Bioinformatics analysis of NGS data
The raw sequencing reads were assessed for performing quality checks such as per base sequence quality, per sequence quality scores, GC content, duplication levels, etc. using the FASTQc toolkit (http://www.bioinformatics.babraham.ac.uk/projects/fastqc/). Based on the FASTQc report, the reads were trimmed using a command line utility Trimmomatic-0.39 to remove the low-quality reads16. The parameters selected for trimming were LEADING:5, TRAILING:5, SLIDINGWINDOW:4:15, and MINLEN:3617.

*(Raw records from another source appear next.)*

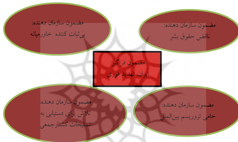
شکل ۲) مضمون فراگیر و مضامین سازمان دهنده علیه ایران

(۲) ایران بی‌ثبات کننده خاورمیانه؛ (۳) ایران، حامی تروریسم بین‌المللی و (۴) ایران به دنبال دستیابی به سلاح‌های کشتار جمعی. مضمون فراگیر در شبکه مضامین، امنیتی کردن ایران با القای تهدید فوری بودن ایران و لزوم مقابله و برخورد اضطراری با این کشور بوده است.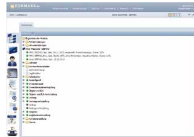
Der Aktenbaum: Zentrale Navigationsstelle innerhalb einer Beratung

Die FORMAXX AG hat sich das Ziel gesetzt, einen Maßstab für die Qualität in der Finanzberatung zu setzen. Das Geschäftsmodell basiert auf der Überzeugung, dass es für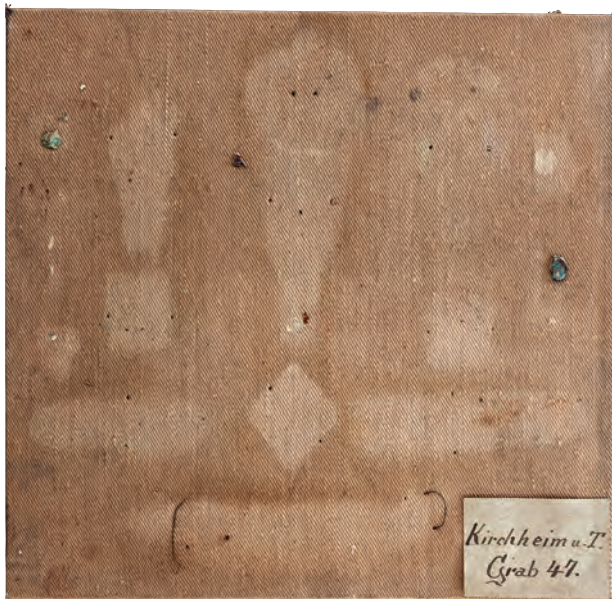
Originale Papp-Platte, auf der die Funde aus Grab 47 montiert waren. Deren Umrisse haben sich in den Staubablagerungen erhalten, wie auch die Beschriftung.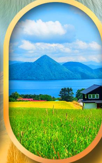
ทะเลสาบโทโยะ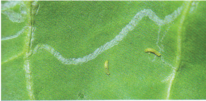
רימות "זבוב המנהרות" שהוצאו מתוך המנהרות. גודלן 3-1 מילימטר (תמונה מוגדלת).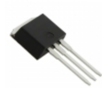
IRFSL11N50A Electro-Films (EFI) / Vishay MOSFET N-CH 500V 11A TO-262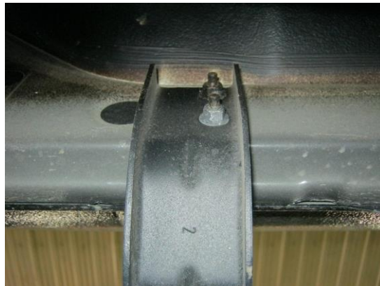
Рис. 3 Установка кронштейна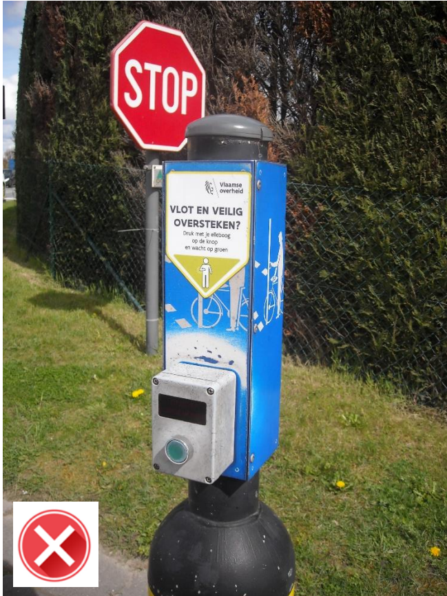
Houtemstraat – N42: duwen maar, met 1 vinger!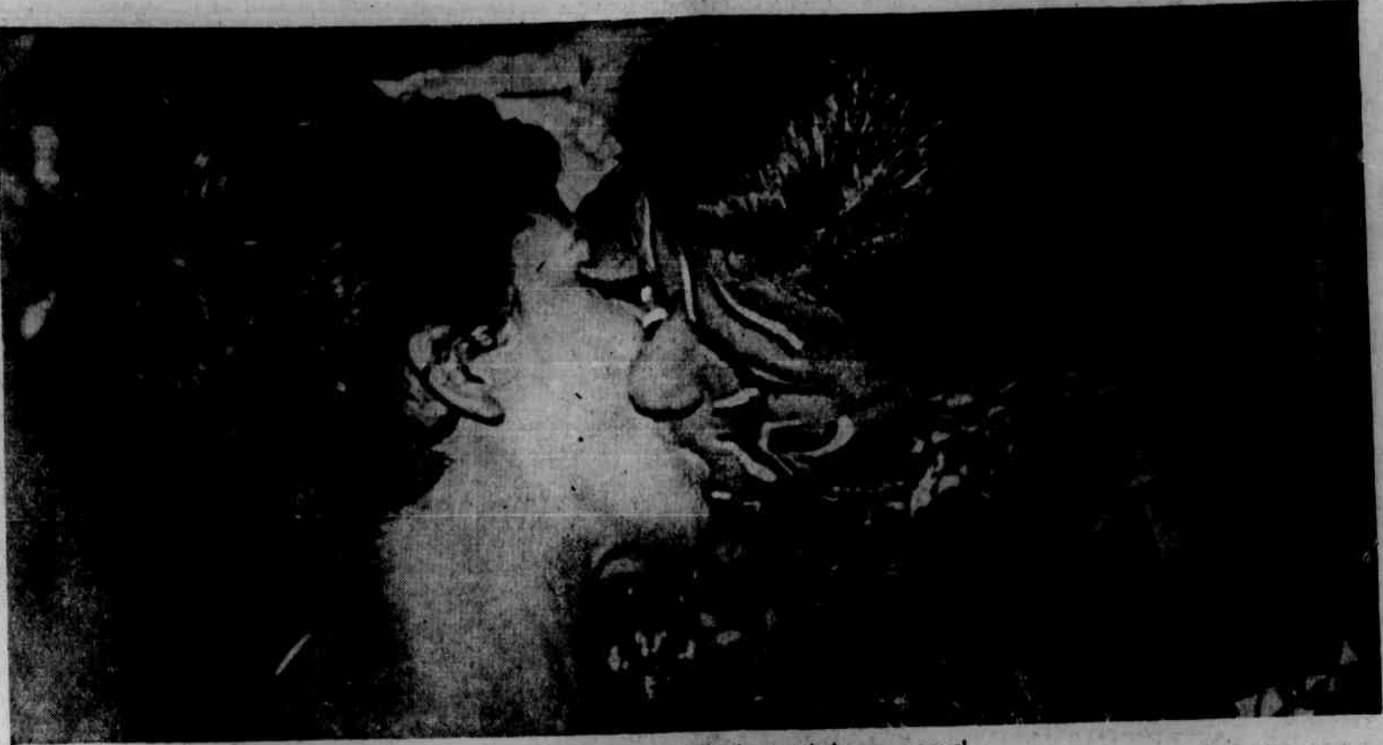
□ Isto é mais que um beijo de namorados. Omitimos a adjetivação porque seria incompatível com o moral.

The trimmed reads were mapped with omicron variant sequence using Bowtie2 aligner (v.2.4.5)18. Bowtie2 is based on the implementation of the Burrows-Wheeler-transform and makes use of the Full-text Minute-size index (FM-Index) for rapid processing of a large number of sequencing reads19. As a result of the mapping, a SAM file was generated by Bowtie2 that contains reads and their genomic location. The SAM file was converted into the compressed form i.e. BAM file and the reads in the BAM file were sorted based on their aligned read position in the genome using Samtools20. To find the aligned reads efficiently based on a position in the genome, the index of the sorted BAM file was created as a BAI file21. The PCR duplicates present in the reads were removed by employing the Picard tool (http://broadinstitute.github.io/picard/). After that, an Integrated Genomics Viewer (IGV) software (v.2.8.10), a robust, user-friendly interactive tool for visualizing genomics data was used to visualize the mapped reads22 23. For that, the omicron variant sequence and sorted BAM file of the sample were imported into the IGV. Finally, the pair-wise alignment of the omicron variant sequence and aligned consensus sequence of the sample obtained from IGV was performed using the Nucleotide Basic Local Alignment Search Tool (BLASTn) (http://www.ncbi.nlm.nih.gov/blast) and the identity level was checked.
Fluorescence-activated cell sorting
HEK 293T cells (ATCC-CRL-3216) at the density of 2.5 x 105 cells /mL were seeded in a 6-well plate (Costar®, Cat. 3516) and were allowed to attach to the surface overnight. All the cells were cultured in a humidified incubator (ThermoFisher Scientific, Cat. 40878550, Herd Cell) set at 37°C with 5% CO2. The next day, mRNA (10 µg) was diluted in Opti-MEM and lipofectamine 3000 in a ratio of (1:5) and incubated for 15 min. Post-incubation, the complex mixture was added to the cells. The media was changed after 24 h and cells were processed for FACS post 48 h of transfection24.
HEK 293T cells were detached from the surface of a 6-well plate using cell dissociation buffer (Gibco™, Cat. 13151-014), and both the cells and media were collected by centrifugation at 6000 rpm at 4°C for 10 min. The cells were washed thrice with ice-chilled PBS with 5% MACS BSA (Miltenyl Biotech, Cat. 130-091-376, FACS buffer) and blocked with Fc- blocker (4.5 µl, each sample) (BD, Cat. 564219, Pharmingen) for 30 min on ice. Fluorophore–conjugated anti-spike IgG (1:100) (A700) (R&D Biosystem, Cat. FAB105403N) was added to the cells and incubated for 45–60 min. Post-incubation, washing was done three times with FACS-buffer for 5 minutes and finally, the cells were analyzed using FACS (BD FACS Lyric™). The assay was performed twice for assurance of the data and the analysis was done using the FLOWJO (v10) single cell analysis software.